00:09 It resides within the small Magellanic Cloud, a dwarf galaxy close to our Milky Way.
00:15 New findings from NASA's James Webb Space Telescope reveal the presence of a much more
00:20 intricate network of gas and dust structures than previously discovered in the area.
00:26 Within this plume of gas is cold molecular hydrogen, which provides a perfect environment
00:31 for young stars to form, some of which can be seen here.
00:35 These young stars generate energy that heats the gas, energizing and splitting the molecular
00:41 hydrogen.
00:42 This effectively carves rough ridges into the gas.
00:46 This area appears to show the head of a dragon spitting out balls of hot gas.
00:51 This eye and the balls of gas are areas of active star formation, which will continue
00:56 to change the environment around it.
01:00 These wisps are more evidence of that environmental change.

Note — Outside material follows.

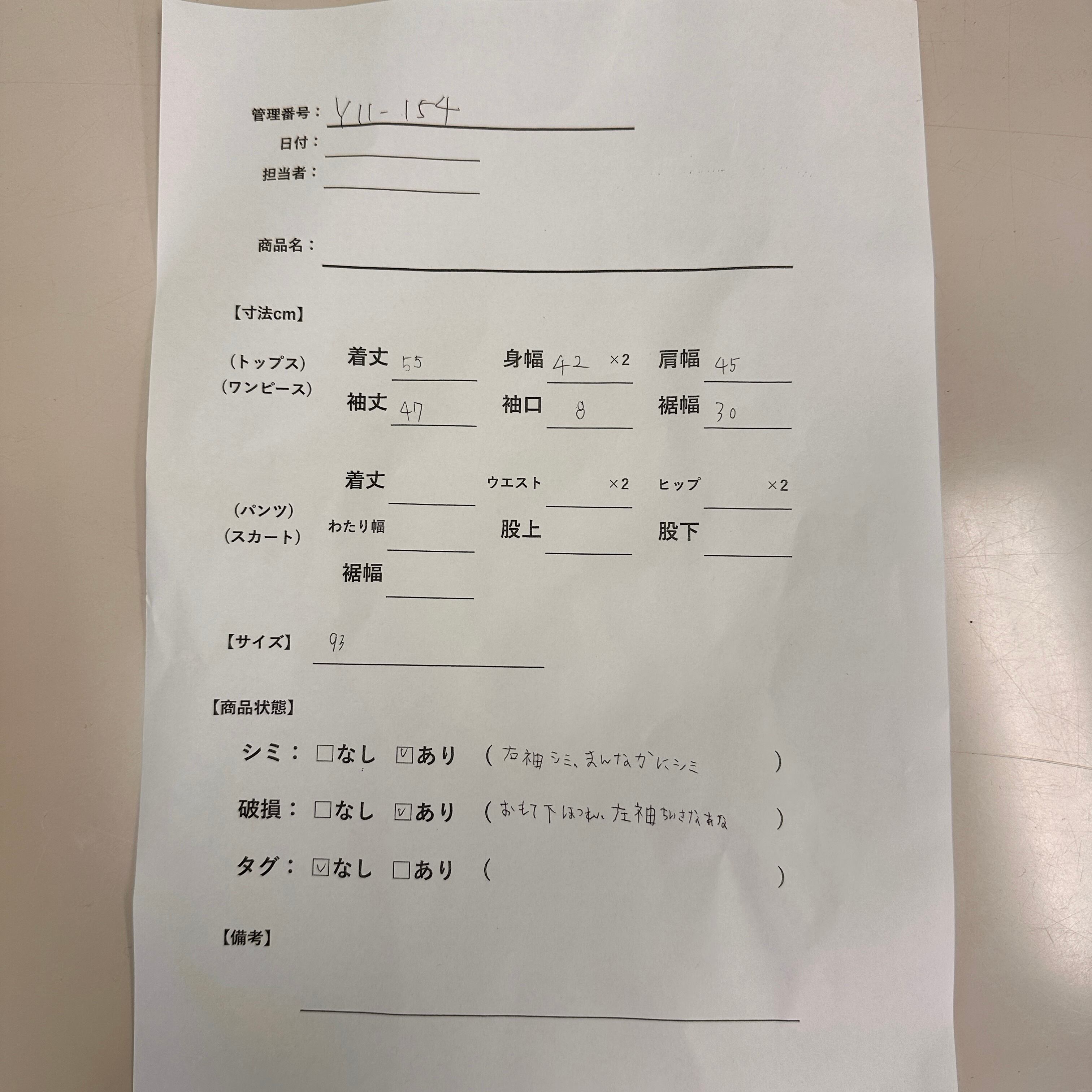 シミ/汚れ: あり(右袖口のシミ、中央にシミ)

01:03 Winds from nearby stars are blowing away material that surrounds still-forming stars, leaving
01:08 these small structures behind.
01:12 Here we see curly ribbons of glowing gas that outline the cold molecular gas of the region.
01:18 These many pillars of creation show how pervasive the stellar erosion is in the region.
01:23 Eventually, over millions of years, the mixture of energized and dense hydrogen will give
01:29 way to thousands of stars and far more of these filamentary structures.